For the 24 hours to 23:00 GMT, the USD rose 0.73% against the CHF and closed at 0.9807.
The Swiss Franc lost ground, after Switzerland’s consumer price index (CPI) unexpectedly fell by 0.2% on an annual basis in September, defying market expectations for it to show a flat reading. In the prior month, the CPI had registered a drop of 0.1%.
Separately, the KOF Swiss Economic Institute, upgraded Switzerland’s growth projection for this year, as the economy showed signs of pick up after a dry spell. It now projects the Swiss economy to expand by 1.6%, from an earlier estimate of 1.0%. It also forecasted the nation’s economic growth to edge up to 1.8% and 1.9% in 2017 and 2018 respectively.
In the Asian session, at GMT0300, the pair is trading at 0.9821, with the USD trading 0.14% higher against the CHF from yesterday’s close.

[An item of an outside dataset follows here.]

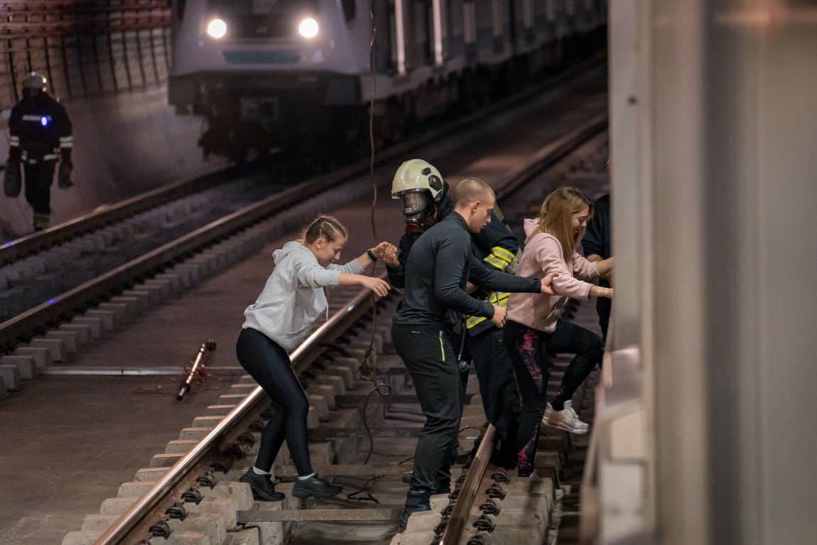 Предприети са първоначални действия за спасяване и евакуиране на пострадали, последователно са насочени и допълнителни екипи. Сфоримират се оперативни участъци – за евакуиране, за гасене на пожара, за изграждане на пунктове за оказване на медицинска и психологическа помощ, триаж и транспортиране на пострадали до болнични заведения. Пожарът във влака е локализиран, извършен е повторен оглед на перона и района на метростанцията за наличие на пътници, които се нуждаят от евакуация.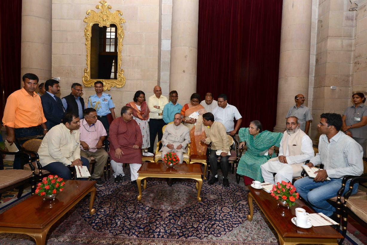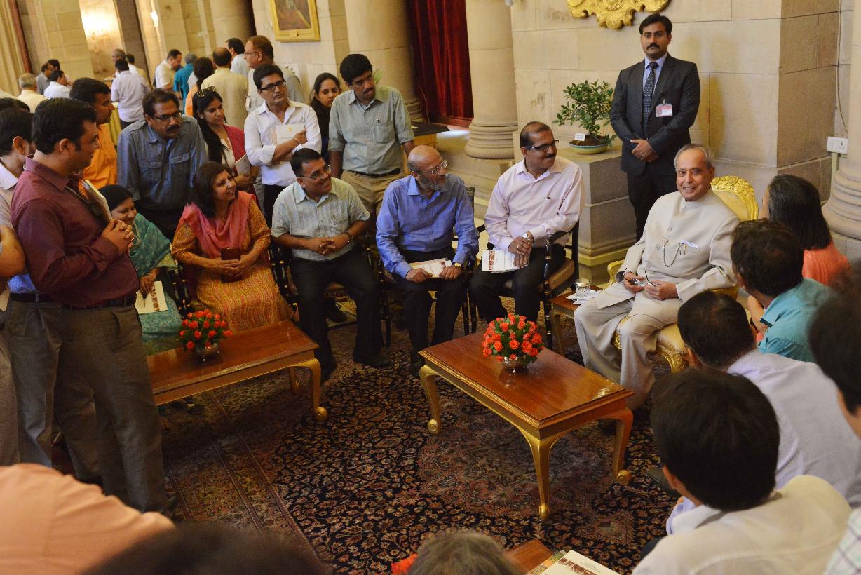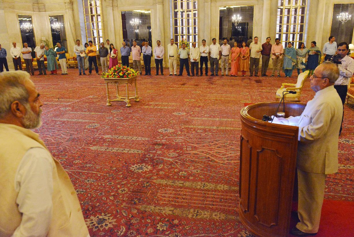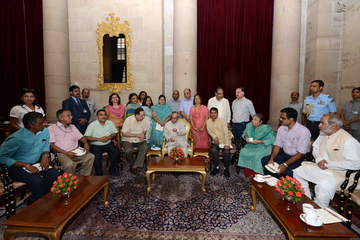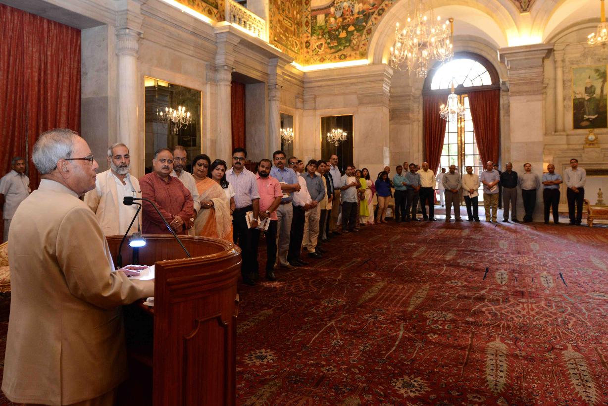 | Caption: | The President of India, Shri Pranab Mukherjee interacting with Media Personnel, at Rashtrapati Bhavan, in New Delhi on August 03, 2015. |

The pair is expected to find support at 0.9767, and a fall through could take it to the next support level of 0.9714. The pair is expected to find its first resistance at 0.9849, and a rise through could take it to the next resistance level of 0.9878.
With no economic releases in Switzerland today, investors would focus on Switzerland’s unemployment rate for September and ZEW survey for expectations data for October, scheduled next week.
The currency pair is trading above its 20 Hr and 50 Hr moving averages.